Regarding autolayout, we can use a shortcut to automatically remove any ambiguity in our view. Select the view controller and open up the Resolve Conflicts menu on the bottom right (to the right of the pin menu). Select Reset to Suggested Constraints.

Location - 2

This will automatically add autolayout constraints based on how we positioned the views in the view controller. Even though this is automatic, we should still check the results to make sure there isn’t a constraint that we don’t want applied. In our case, there doesn’t seem to be any so let’s move on to some source code.

Let’s create outlets to all of the labels on the right side. Control-drag and name them latitudeLabel, longitudeLabel, altitudeLabel, hAccuracyLabel, and vAccuracyLabel, respectively. We don’t need to create outlets for the UILabels on the left side since those labels have static text so we don’t have to reference them for anything.

In addition, we’ll need to import CoreLocation right under the import to UIKit. In addition to the labels, let’s create another variable called locationManager of type CLLocationManager and initialize it. This class is what we’ll use to request the user’s location. Our entire Swift file should look like the following.

Now we have to configure the location manager and request the user for permission to retrieve location. We can do this in the viewDidLoad method. First, we need to set the level of accuracy we want. There are many different levels of accuracy we can request. Keep in mind that the higher level of accuracy we request, the more battery life we’re going to consume. We should set the desiredAccuracy to be the least accurate that will still allow our app to function smoothly.

For example, if we were building a navigation app, we want high accuracy since the user is probably driving. However, if we were building a weather app, we don’t need very accurate location on the user; perhaps a general vicinity will work fine. Since we’re running our app on the simulator and simulation a location, we can simply select the best accuracy available.
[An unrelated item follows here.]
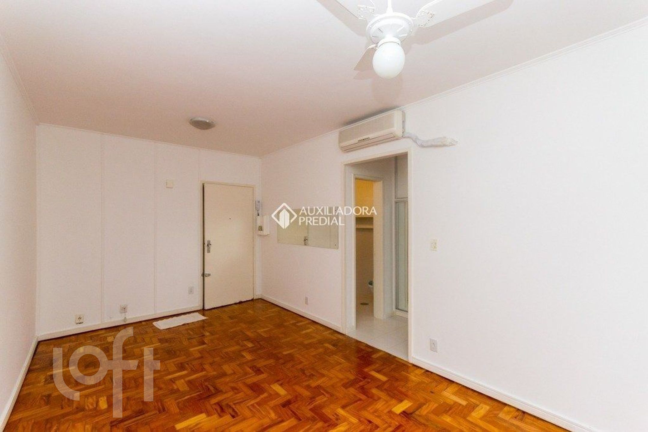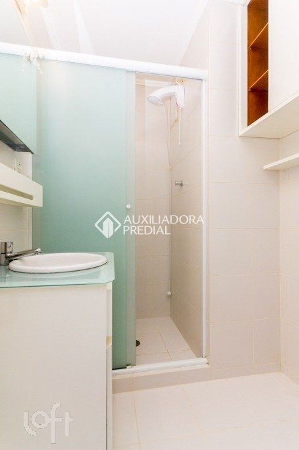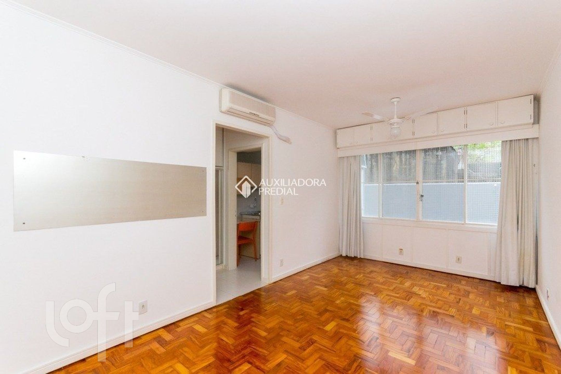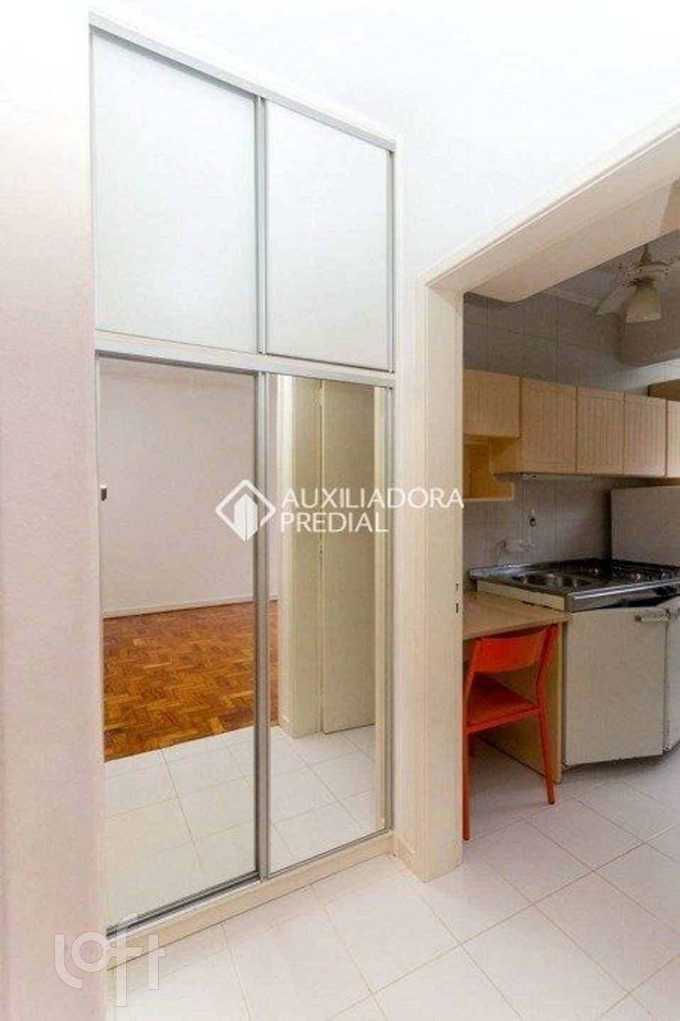 O imóvel conta com ambiente living/dormitório equipado com ar-condicionado split e ventilador de teto, além de cozinha e torneira elétrica. Possui ainda área de serviço e banheiro social com box e armários.

We need to set the delegate to be self. When we do this, we also need to conform to the CLLocationManagerDelegate in our class declaration. Next, we need to either request authorization to retrieve location only when the app is in use or always. For privacy reasons, we should only request authorization when our app is in use. Finally, we can call startUpdatingLocation to receive location updates.

Our entire viewDidLoad method should look like the code snippet below.

When we request permission for the user’s location, we can give them a custom message to explain why we want to access their location. We should always do this! But we don’t set this string in the source code; we set this constant in the Info.plist file in the project.

On the left pane, find the Info.plist file and open it up. This is a Property List file that contains configuration information essential to the app. In our case, we need to right-click on the top level entry and select Add Row. In the new row, set its key to be NSLocationWhenInUseUsageDescription. For the value, set it to be something descriptive. This description needs to provide a reason to the user. If your app needs the user’s location for a valid purpose, explain that purpose. We don’t want our location permission to be rejected on the grounds that the user thought our description wasn’t descriptive!

Furthermore, this key in the Info.plist file is required to get authorization for our app. If we didn’t have this in the Info.plist file, then the user would never receive that authorization dialog, and location permissions would be rejected by default. Take a look at the screenshot for reference.

Location - 3

Now that we’re finished with this configuration, let’s get back to the Swift file and implement the delegate methods of the CLLocationManagerDelegate. The one we’re particularly interested in is the locationManager:didUpdateLocations method.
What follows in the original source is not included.